__THE TASK__. From the listing below, copy only the lines from the line that contains "五、佛冈县万兴电子塑胶制品有限公司检查情况" to the line that contains "ދިވެހި ރައްޔިތުންގެ ސިއްހަތު", counting those two lines as part of the copy.

__DATA PROVIDED__.
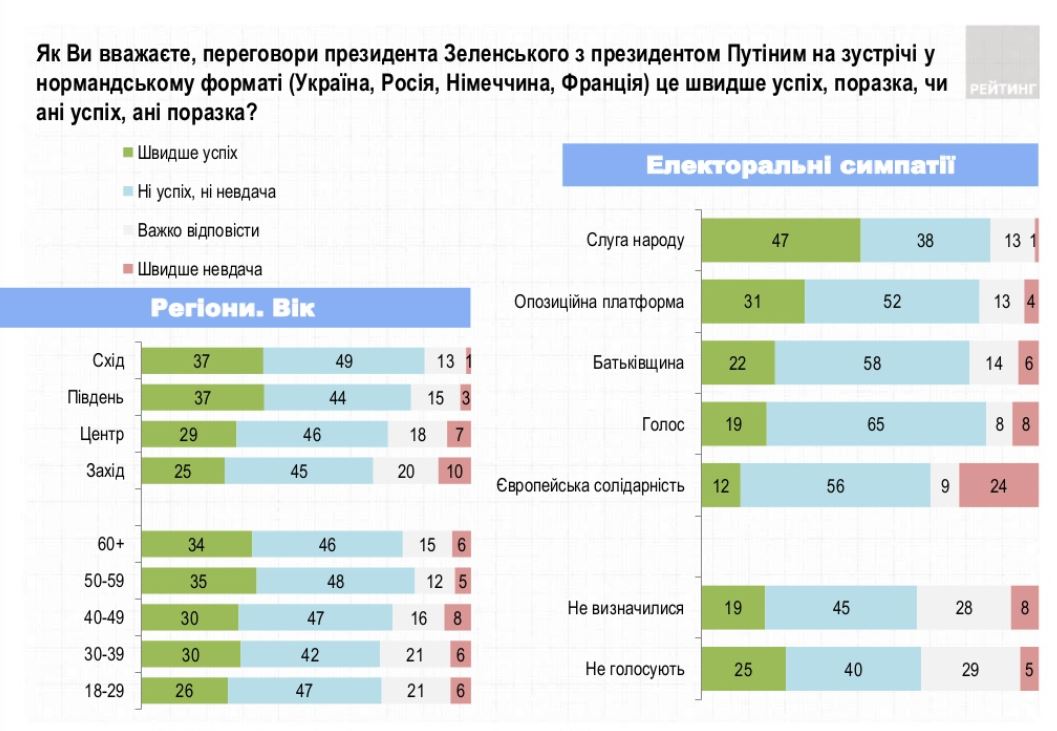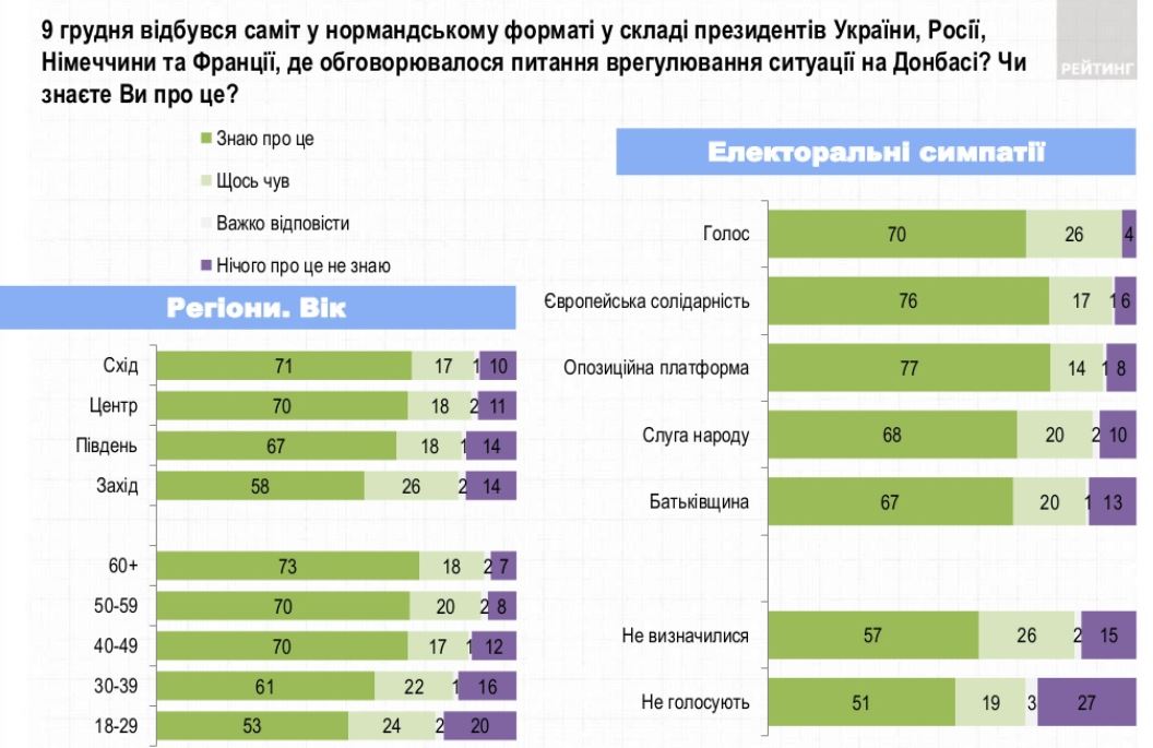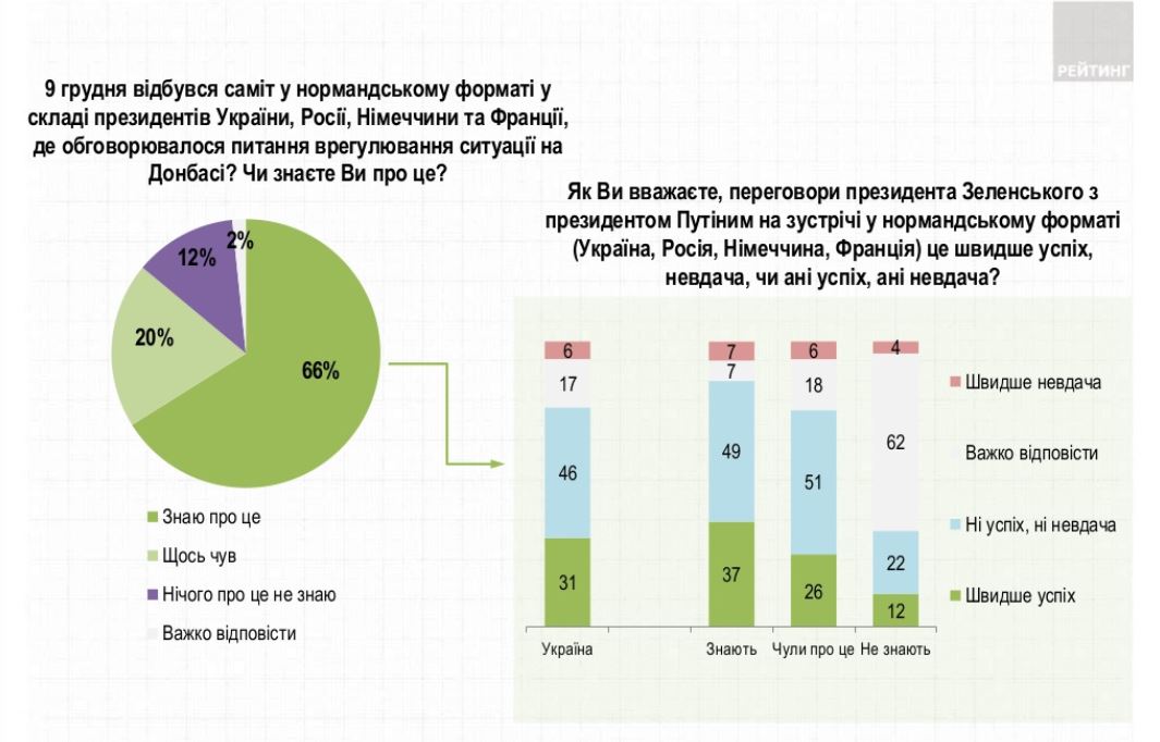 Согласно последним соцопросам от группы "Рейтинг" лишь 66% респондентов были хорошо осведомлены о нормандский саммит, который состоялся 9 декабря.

...

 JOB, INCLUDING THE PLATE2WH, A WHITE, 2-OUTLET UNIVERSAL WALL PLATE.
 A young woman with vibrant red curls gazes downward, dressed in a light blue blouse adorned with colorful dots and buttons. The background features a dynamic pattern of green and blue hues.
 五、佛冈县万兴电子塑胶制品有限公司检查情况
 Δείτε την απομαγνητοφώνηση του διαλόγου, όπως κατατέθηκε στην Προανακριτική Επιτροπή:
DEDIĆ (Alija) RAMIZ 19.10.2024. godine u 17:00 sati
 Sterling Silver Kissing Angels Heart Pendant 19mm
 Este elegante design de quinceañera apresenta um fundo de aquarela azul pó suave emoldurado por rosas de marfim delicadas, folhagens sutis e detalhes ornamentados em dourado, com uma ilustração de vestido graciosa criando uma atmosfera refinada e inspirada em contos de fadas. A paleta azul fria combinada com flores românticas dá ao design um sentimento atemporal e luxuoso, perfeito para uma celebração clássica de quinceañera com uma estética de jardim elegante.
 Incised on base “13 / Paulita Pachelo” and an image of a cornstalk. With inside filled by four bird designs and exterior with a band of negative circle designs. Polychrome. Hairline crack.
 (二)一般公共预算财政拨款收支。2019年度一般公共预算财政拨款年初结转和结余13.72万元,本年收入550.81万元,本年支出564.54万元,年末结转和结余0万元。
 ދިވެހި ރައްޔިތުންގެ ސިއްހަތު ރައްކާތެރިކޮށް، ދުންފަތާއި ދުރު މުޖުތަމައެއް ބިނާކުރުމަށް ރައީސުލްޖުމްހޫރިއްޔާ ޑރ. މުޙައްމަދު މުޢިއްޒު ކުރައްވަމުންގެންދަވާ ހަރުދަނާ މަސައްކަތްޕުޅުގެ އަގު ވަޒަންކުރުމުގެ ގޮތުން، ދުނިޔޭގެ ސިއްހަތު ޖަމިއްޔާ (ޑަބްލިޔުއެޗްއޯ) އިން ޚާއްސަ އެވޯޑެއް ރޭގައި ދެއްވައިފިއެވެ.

--

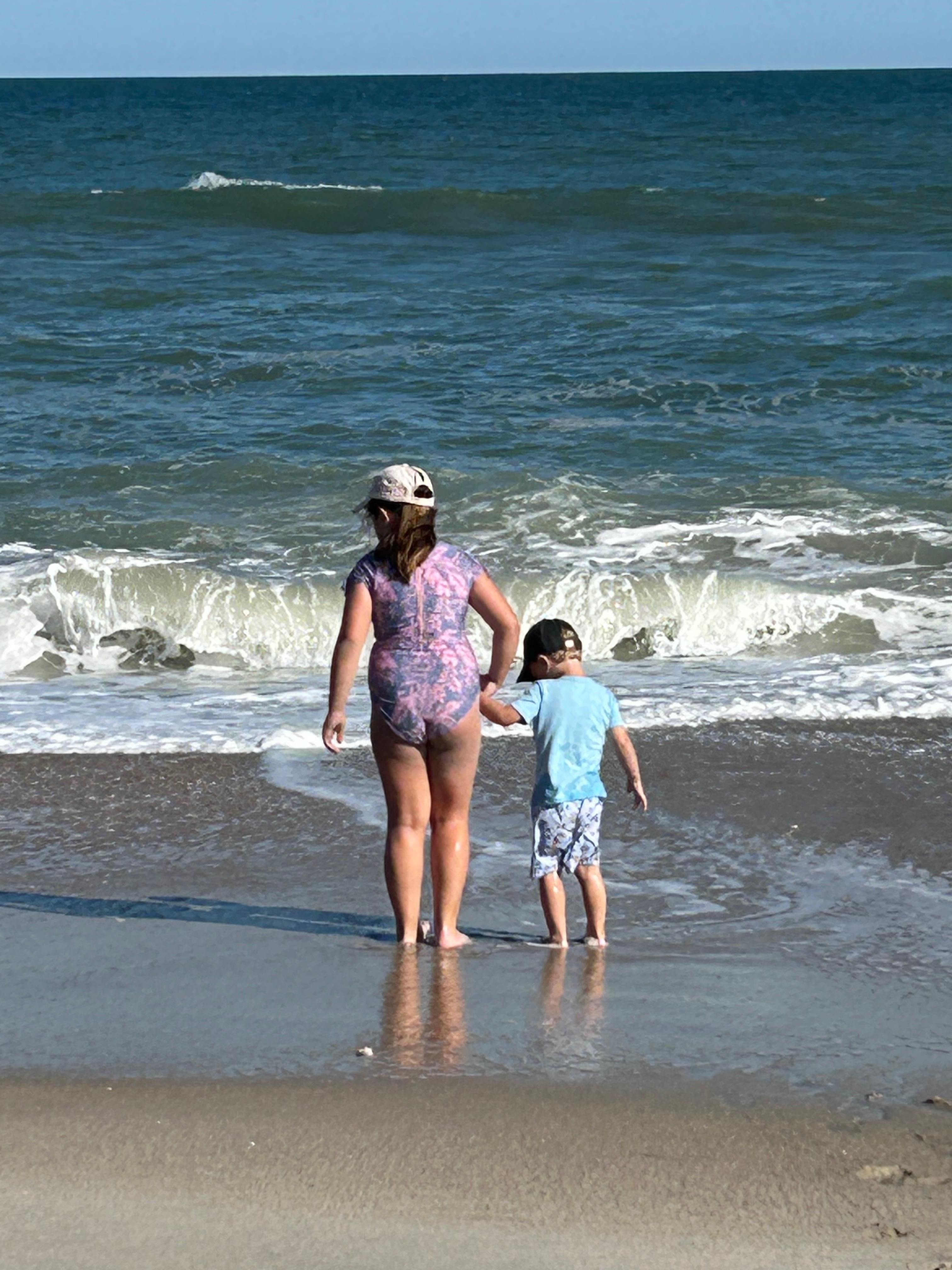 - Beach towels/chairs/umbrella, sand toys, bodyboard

__SOLVED EXERCISE__.
 五、佛冈县万兴电子塑胶制品有限公司检查情况
 Δείτε την απομαγνητοφώνηση του διαλόγου, όπως κατατέθηκε στην Προανακριτική Επιτροπή:
DEDIĆ (Alija) RAMIZ 19.10.2024. godine u 17:00 sati
 Sterling Silver Kissing Angels Heart Pendant 19mm
 Este elegante design de quinceañera apresenta um fundo de aquarela azul pó suave emoldurado por rosas de marfim delicadas, folhagens sutis e detalhes ornamentados em dourado, com uma ilustração de vestido graciosa criando uma atmosfera refinada e inspirada em contos de fadas. A paleta azul fria combinada com flores românticas dá ao design um sentimento atemporal e luxuoso, perfeito para uma celebração clássica de quinceañera com uma estética de jardim elegante.
 Incised on base “13 / Paulita Pachelo” and an image of a cornstalk. With inside filled by four bird designs and exterior with a band of negative circle designs. Polychrome. Hairline crack.
 (二)一般公共预算财政拨款收支。2019年度一般公共预算财政拨款年初结转和结余13.72万元,本年收入550.81万元,本年支出564.54万元,年末结转和结余0万元。
 ދިވެހި ރައްޔިތުންގެ ސިއްހަތު ރައްކާތެރިކޮށް، ދުންފަތާއި ދުރު މުޖުތަމައެއް ބިނާކުރުމަށް ރައީސުލްޖުމްހޫރިއްޔާ ޑރ. މުޙައްމަދު މުޢިއްޒު ކުރައްވަމުންގެންދަވާ ހަރުދަނާ މަސައްކަތްޕުޅުގެ އަގު ވަޒަންކުރުމުގެ ގޮތުން، ދުނިޔޭގެ ސިއްހަތު ޖަމިއްޔާ (ޑަބްލިޔުއެޗްއޯ) އިން ޚާއްސަ އެވޯޑެއް ރޭގައި ދެއްވައިފިއެވެ.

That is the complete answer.